What this task involves
Entries below include pictures. Output exactly the lines from the one with "Босния и Герцеговина" down to the one with "10वीं पास के", both ends included, and leave the pictures out.

Material supplied

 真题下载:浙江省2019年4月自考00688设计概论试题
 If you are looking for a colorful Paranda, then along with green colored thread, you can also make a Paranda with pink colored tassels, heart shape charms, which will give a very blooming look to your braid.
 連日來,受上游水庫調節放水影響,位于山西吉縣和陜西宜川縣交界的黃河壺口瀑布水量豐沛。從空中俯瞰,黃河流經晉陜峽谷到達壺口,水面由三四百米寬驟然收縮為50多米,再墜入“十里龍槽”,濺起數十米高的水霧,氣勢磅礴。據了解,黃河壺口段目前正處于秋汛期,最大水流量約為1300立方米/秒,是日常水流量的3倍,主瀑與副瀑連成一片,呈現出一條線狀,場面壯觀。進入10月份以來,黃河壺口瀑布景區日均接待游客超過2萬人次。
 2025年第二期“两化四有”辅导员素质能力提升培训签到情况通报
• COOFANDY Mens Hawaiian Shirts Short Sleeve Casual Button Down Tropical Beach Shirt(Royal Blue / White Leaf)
* * *
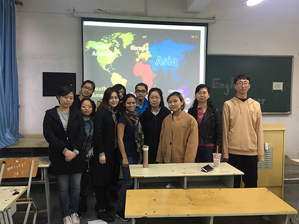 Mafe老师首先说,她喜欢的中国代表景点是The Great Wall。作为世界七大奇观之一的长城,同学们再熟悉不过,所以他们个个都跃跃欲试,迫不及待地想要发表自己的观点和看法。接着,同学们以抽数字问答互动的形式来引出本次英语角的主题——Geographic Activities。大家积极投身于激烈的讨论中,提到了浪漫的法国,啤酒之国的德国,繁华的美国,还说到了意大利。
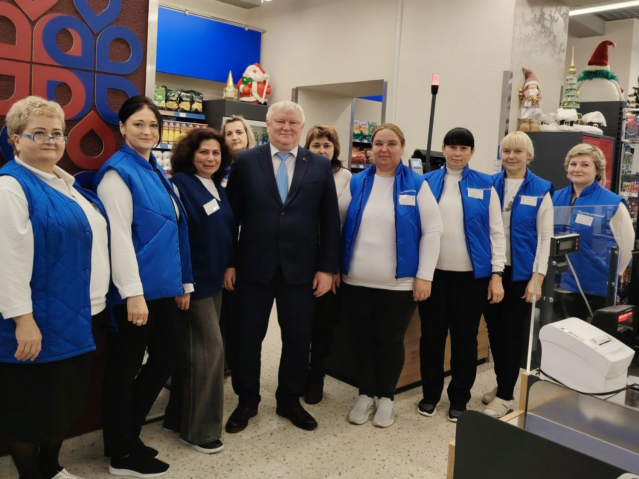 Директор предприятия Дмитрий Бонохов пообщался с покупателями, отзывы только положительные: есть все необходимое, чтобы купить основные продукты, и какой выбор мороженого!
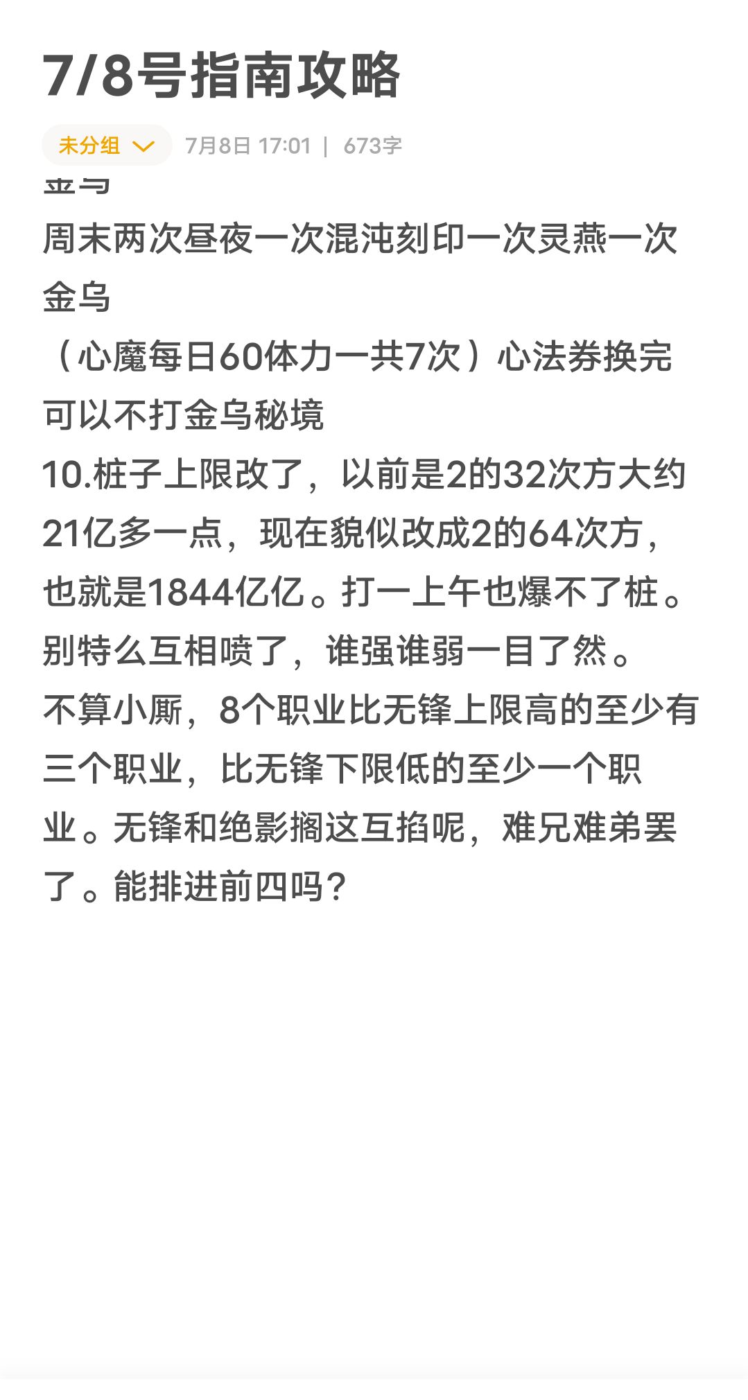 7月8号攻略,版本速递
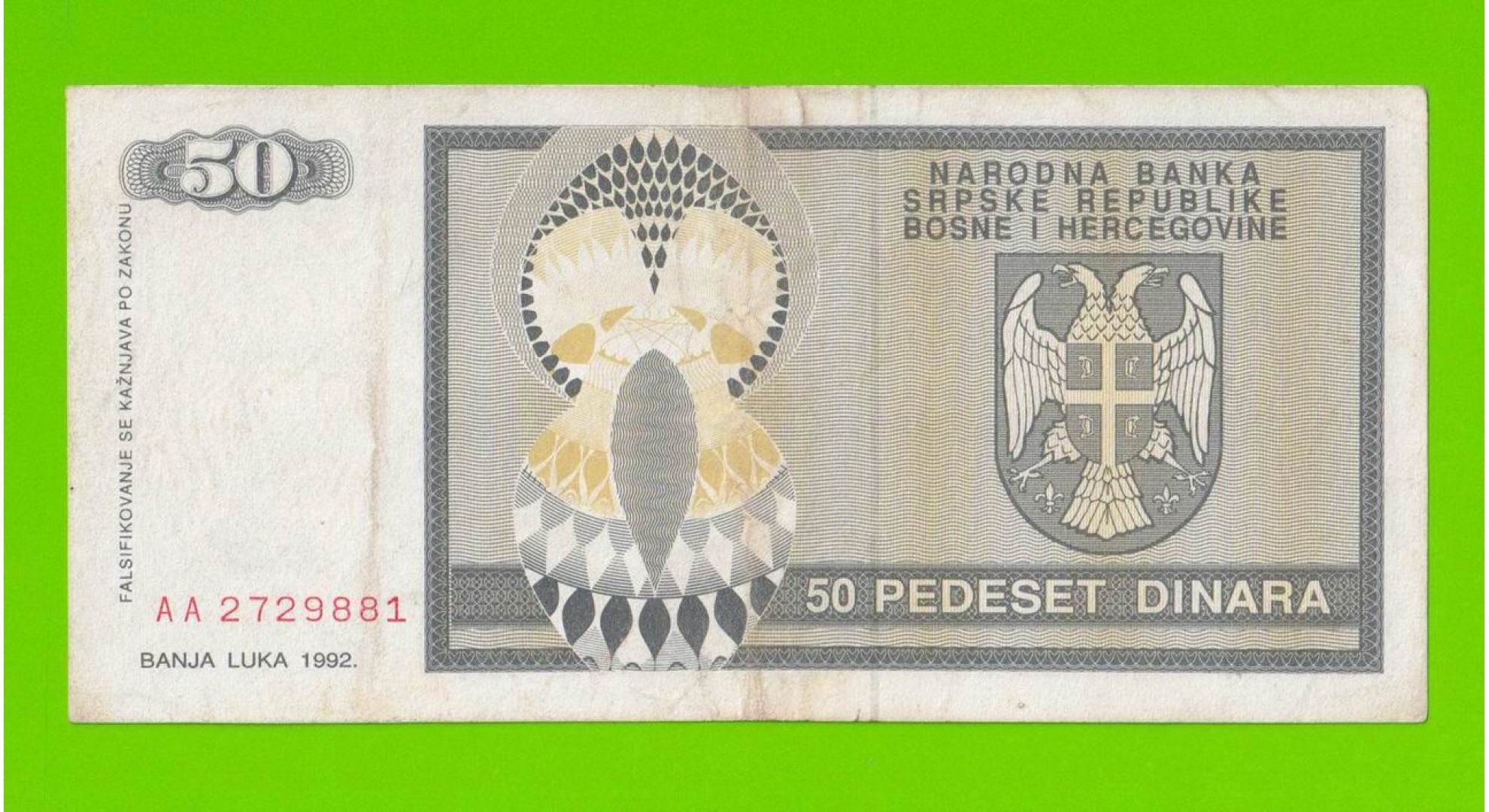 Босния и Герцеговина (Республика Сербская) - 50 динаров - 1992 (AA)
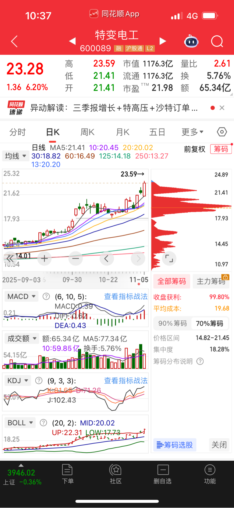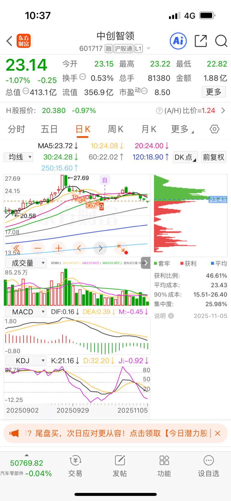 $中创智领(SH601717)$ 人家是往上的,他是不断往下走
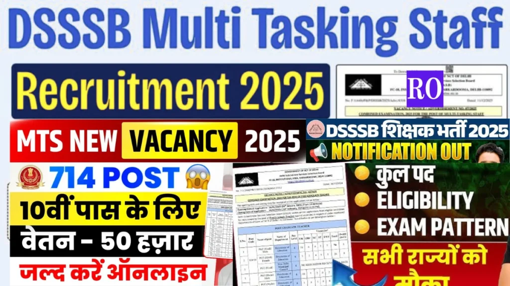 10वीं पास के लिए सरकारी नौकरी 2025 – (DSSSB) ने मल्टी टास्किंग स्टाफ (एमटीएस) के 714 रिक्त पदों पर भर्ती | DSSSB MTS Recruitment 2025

Exercise solution
 Босния и Герцеговина (Республика Сербская) - 50 динаров - 1992 (AA)
 $中创智领(SH601717)$ 人家是往上的,他是不断往下走
 10वीं पास के लिए सरकारी नौकरी 2025 – (DSSSB) ने मल्टी टास्किंग स्टाफ (एमटीएस) के 714 रिक्त पदों पर भर्ती | DSSSB MTS Recruitment 2025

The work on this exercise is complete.